– Эта идея противоречит этике и тем более законодательству нашей эпохи, но я не могу прогнать мысль о том, что лет через тридцать-сорок, когда я возьму от жизни ту радость, которую она может мне предложить, и созрею для того самого выбора, такой подход успеет стать не то чтобы популярным или общепринятым, но, по крайней мере, гораздо более распространенным явлением. Вспомни о контрацепции, о препаратах, стимулирующих фертильность, об абортах – всех этих решениях насчет зарождения новой жизни, которые мы так легко принимаем; вспомни, как мы уважаем тех, кто сам выбрал себе смерть – Сократа, Иисуса Христа, Сенеку, Катона. Могу предположить: тебе не нравится, в какую форму твой профессор облек свою фразу про львов, но ты не должен считать ее оскорблением в адрес африканцев. Ты же знаешь, ничего такого он не подразумевал. Повидимому, он хочет сказать, что, будь наш мир лучше, можно было бы избежать беспамятства и боли. Он мог бы уйти в лес, не роняя человеческого достоинства, – так, как сам вообразил, – и его бы больше никогда никто не увидел.

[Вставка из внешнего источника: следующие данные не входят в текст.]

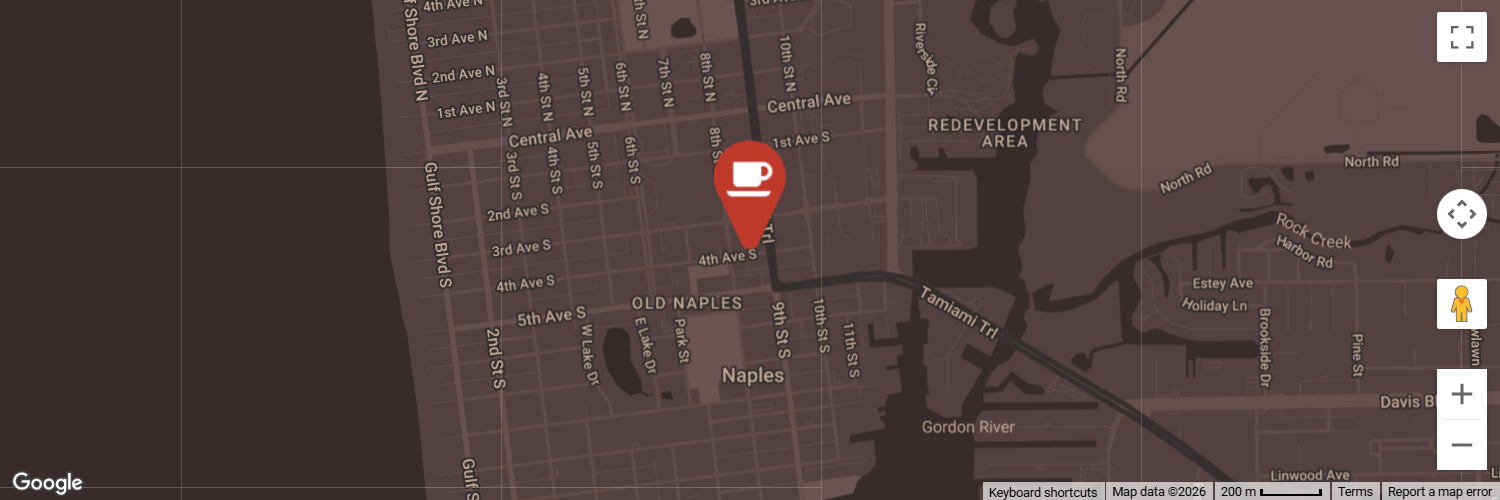 We welcome you to sip a delicious cup of coffee at our coffee shop just steps from the vibrant center of Downtown Naples, FL. Surrounded by the beauty and charm of Naples, a delicious cup of coffee, cappuccino or espresso is the perfect way to start the day.
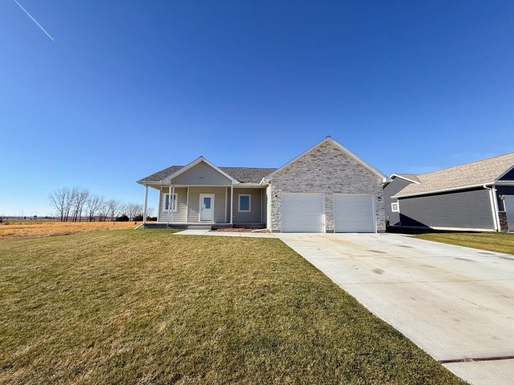 Step into modern comfort and style in this newer home. The main floor features a laundry room and a spacious primary en suite showcasing double onyx sinks and a huge walk-in closet. Two additional bedrooms and a full bathroom round out the main level. The unfinished basement provides incredible potential, already laid out for a future 21′ x 28′ family room, two more bedrooms, a full bath, and ample utility/storage space. Quality craftsmanship continues outside with 8″ Smart Side siding, stone accents, Class 3 impact-resistant shingles, and energy-efficient Anderson 100 windows. This home blends durability, efficiency, and elegant design—don’t miss your chance to make it yours!
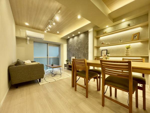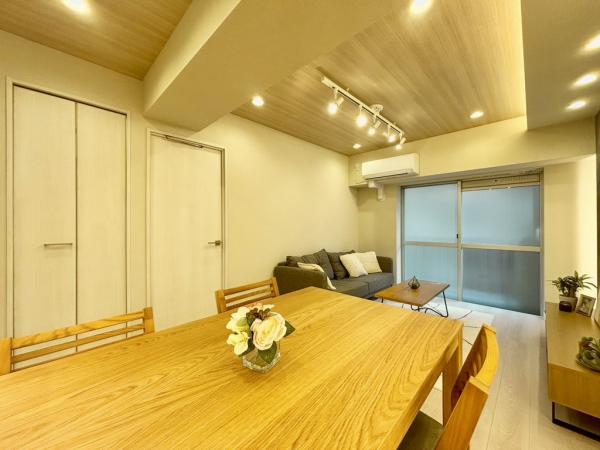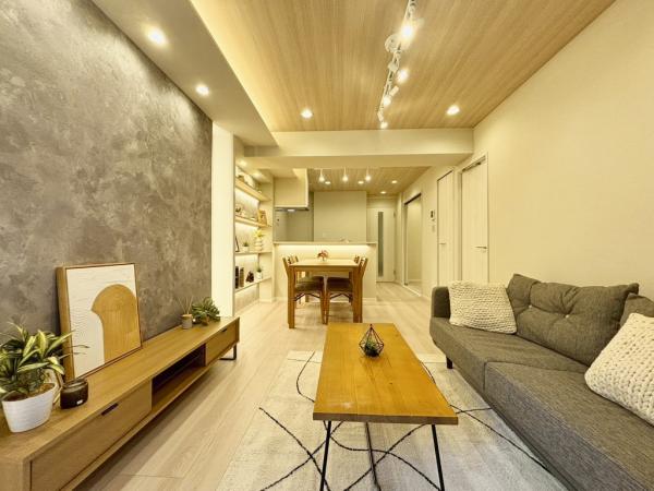 リビング:間接照明やスポットライトが備え付けられた、おしゃれなLDKです。
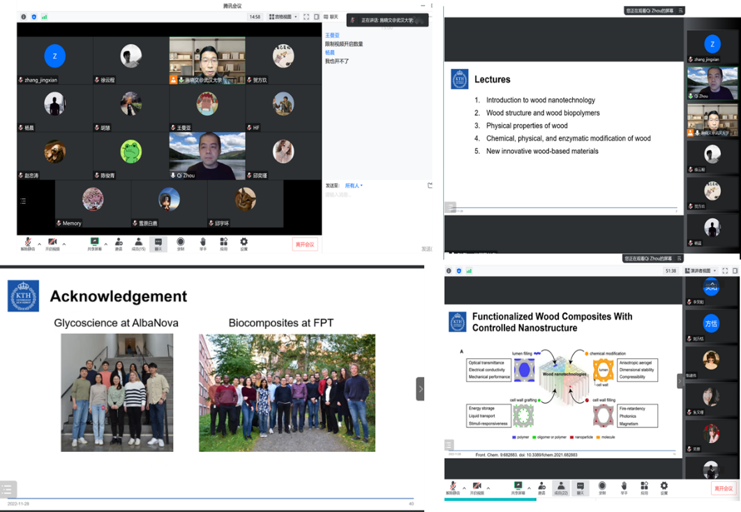 2022年10月11日至22日,应91沈先生 施晓文教授的邀请,瑞典皇家理工学院周琪老师为学院研究生开展了5次木头纳米技术系列讲座。
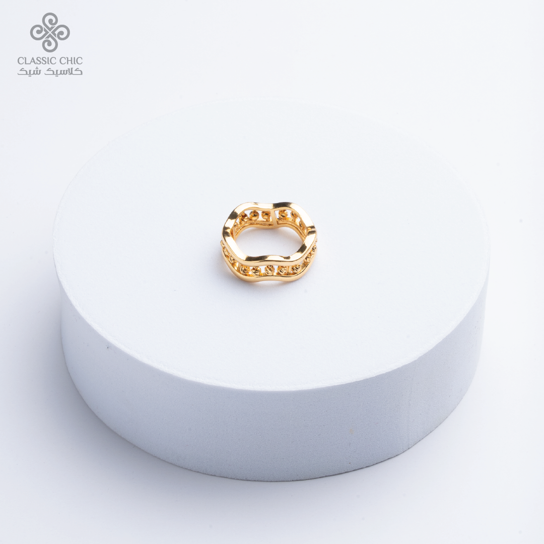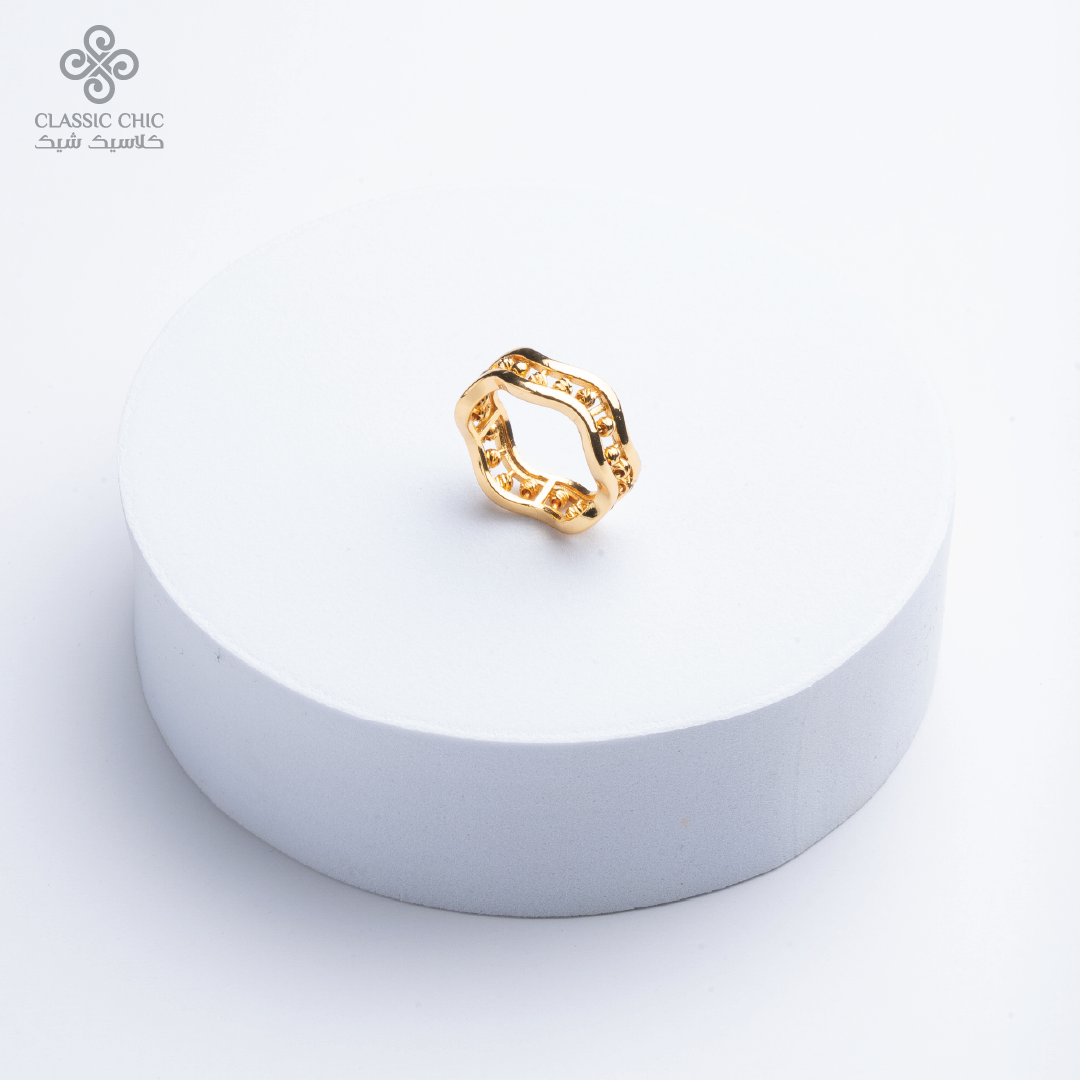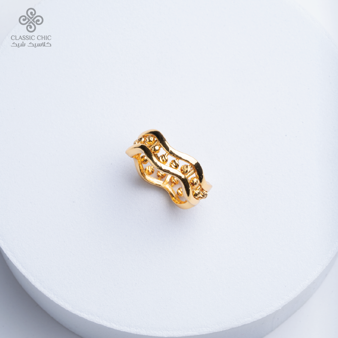 خاتم بتصميم مموّج مزين بكرات ذهبية يضفي لمسة عصرية ناعمة على إطلالتك، سهل التنسيق ومثالي للاستخدام اليومي أو للمناسبات.
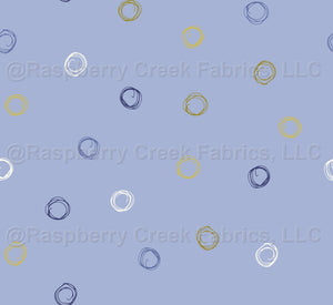 Ivory, indigo, and ochre hand-drawn wispy polka dots on a periwinkle background.
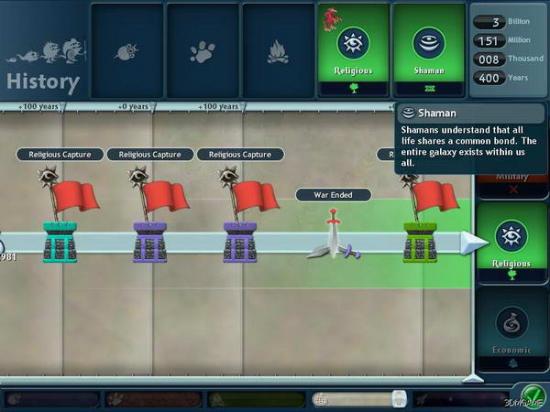 这次历史界面没有太多花头,右侧的三个路线从上到下依然是军事型、传教型、经济型。而最上方则决定了你的职业,在这里看到我的职业是萨满。可以想象,到处给人传教最后不当萨满才是怪事。至于职业说明也没啥营养,无非是说天下大同,萨满与我们同在之类~
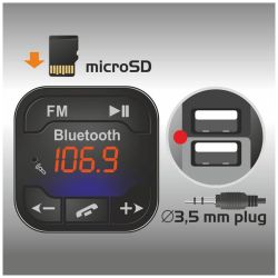 FM modulator (Transmitter) 5 in 1, bežično povezivanje na bilo koji auto radio ( 87,6 - 107,9 MHz ), Bluetoth veza za telefon - Handsfree, prijem poziva, odbijanje poziva, biranje broja, ugrađen mikrofon sa veoma kvalitetnim zvukom, Bluetooth stereo reprodukcija glazbe, MP3 reprodukcija , reprodukcija sa microSD memorijske kartice, dvostruki USB punjač za telefon, 5 V / 2.1 A, stereo audio ulaz 3.5 mm. Napajanje 12 V / 24 V. Nasljednik modela FMBT 74
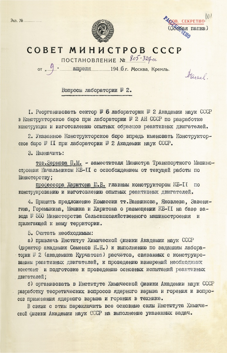 9 апреля 1946 года было подписано Постановление Совета Министров СССР с грифом «Совершенно секретно» об образовании в поселке Саров Мордовской АССР закрытого конструкторского бюро № 11 для работы над советским атомным проектом.

Он опять умолк, стоя совершенно неподвижно и всё еще глядя наружу. Птицы почти слились с темнотой. Затем негромко – казалось, он разговаривает сам с собой или созерцает свое тело со смотровой площадки по ту сторону жизни, – сказал:
– На самом деле, Джулиус, здесь, на голой земле, каждый из нас одинок. Возможно, именно это вы, профессионалы, называете суицидальной идеацией, и, надеюсь, ты не станешь за меня волноваться, но я часто воображаю себе во всех подробностях то, как мне хотелось бы закончить жизнь. Думаю, как прощаюсь с Кларой и вообще со всеми, кого люблю, а затем наглядно представляю себе пустующий дом – возможно, большой, беспорядочно выстроенный загородный особняк неподалеку от моих родных болот; воображаю ванну на верхнем этаже – ее можно наполнить теплой водой; и думаю о музыке, которая звучит во всем этом огромном доме – возможно, «Crescent» или «Ascension» [54]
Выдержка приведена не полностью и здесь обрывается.